Another frequent case in the offices is that of narcissistic fathers and mothers, more aware of themselves than of their children. “They compete with the children, seeing them as a threat in the sense that they show them what they did not achieve or do not have. In this way, there is a certain lack of recognition, support or accompaniment of the children in the achievements,” summarizes Ongini .
those parents “are abandoned beyond paying for everything”, because they don't provide affection, interest and empathy to the boy.
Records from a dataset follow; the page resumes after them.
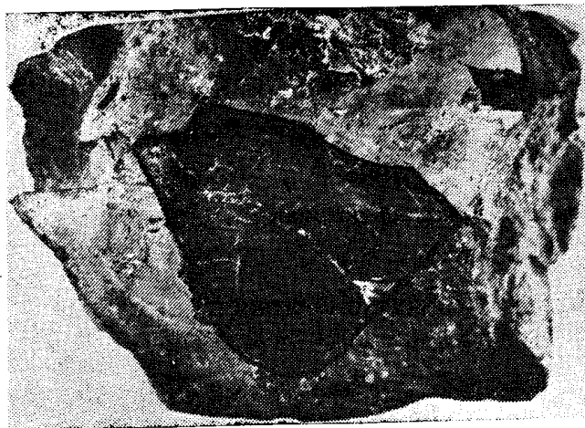
Рис. 3. Доломито-микрокварцитовая брекчия подошвы белкинской свиты (черные — обломки микрокварцита).

массивную, нежели брекчиевую. Только в отдельных штуфах наблюдаются четко оконтуренные обломки. Однако после обжига образцов картина резко меняется, и в них проявляется отчетливая брекчиевая текстура. Это обусловлено тем, что под воздействием высокой температуры углеродистое вещество карбонатов выгорает и они получают светло-серую до белой окраску, на фоне которой рельефно выступают черные обломки микрокварцита (рис. 3). Эти обломки являются самым характерным элементом рассматриваемой брекчии. Подавляющее боль-
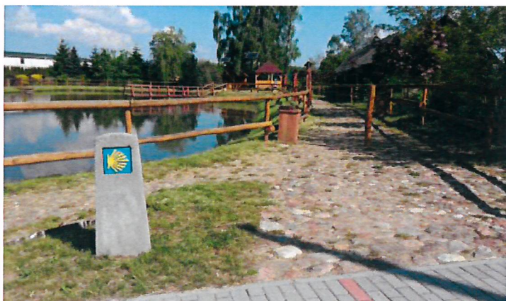
Kowiesy zbiornik wodny
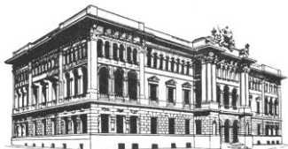
Museo Civico di Storia Naturale "G. Doria"
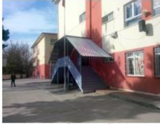
İkinci binamıza giriş için yapılmış olan merdivenler 2015-2016 Eğitim ve Öğretim Yılı'nda genişletilmiştir.
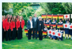
ハノーバー少女合唱団と徳島少年少女合唱団の交流

Oberschullehrerin aus Tokushima unterrichtet Japanisch an niedersächsischen Schulen und stellt die Kultur Japans und Tokushimas vor
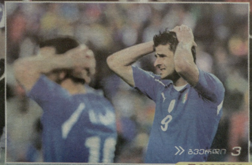
» გვერდი 3
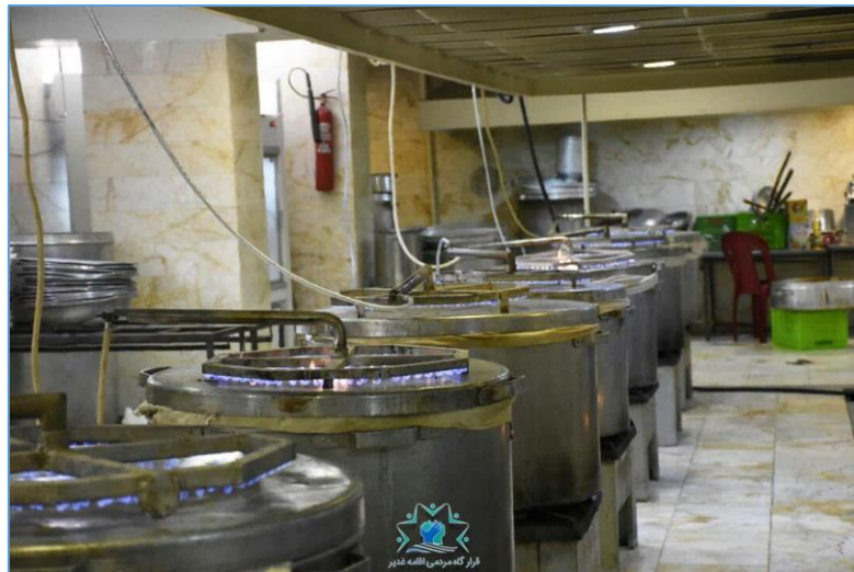
۱۴۰۰ پرس غذا امسال در آشپزخانه حسینیه سیدالشهدا ع در تهران طبخ و توزیع گردید

بیشترین رقم از کمک های مردمی بالغ بر ۵۳۵,۰۰۰,۰۰۰ ریال برای پخت تجمیعی بیش از ۵,۰۰۰ پرس غذا صرف گردید.

He feels devalued, because whatever he does receives a low emotional intensity affect.
To consider that children can decide everything is, according to Ongini, another form of contemporary abuse. “It is the contracara of the old diciplinamiento, that looked for to give them a rigid education so that the tree did not grow crooked”, explains the psychiatrist. And he details: “Since when they want to leave diapers and bottles, until they choose the garden. When a child is submitted to make decisions that his psyche is not mature to make, it is also a mode of violence and over-demand.”
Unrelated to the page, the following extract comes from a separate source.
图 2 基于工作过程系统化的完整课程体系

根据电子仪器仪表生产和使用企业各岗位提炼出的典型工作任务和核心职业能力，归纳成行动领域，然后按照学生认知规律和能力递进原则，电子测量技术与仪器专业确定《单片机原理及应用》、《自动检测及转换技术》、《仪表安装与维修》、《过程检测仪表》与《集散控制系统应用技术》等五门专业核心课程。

The referents agree that the risks lie in the fact that, beyond the outbursts that parents may have, these violent behaviors are installed as a parenting model or that escalate in intensity. But always, in most cases, there are ways to rethink and act accordingly.
“The parents have the capacity to repair, to put themselves in the place of the boy. Not feeling guilty, but responsible”concludes Thomas.
How do these violence affect children's health?
- Self-esteem is undermined, causing
anguish and insecurity.
- They can be the cause of
socialization and learning problems, eating disorders, substance use and even physical self-harm.
- The boys can reach
reproduce the abuse received, because they believe it is the way to relate. Bullying is one of its manifestations.
- They are a risk factor that increases the chances of suffering
heart disease, depression, lung cancer, diabetes and anxiety, among others.
- Over-adaptation or over-demand, together with the permanent feeling of not meeting the expectations of others and not feeling deserving of the affection of others, are some of the manifestations presented by boys who suffer hyperxigence from their parents.
To know more
- Guides and resources:
UNICEF offers audiovisual and reading material to educate in protective environments.
- Workshops and talks: In his long career, the
Parent Encounter Foundation organizes them in public and private institutions such as schools and clubs.
- Articles and reflections: The
Argentine Society of Pediatrics offers articles on emotional violence and advice to identify naturalized aggressions.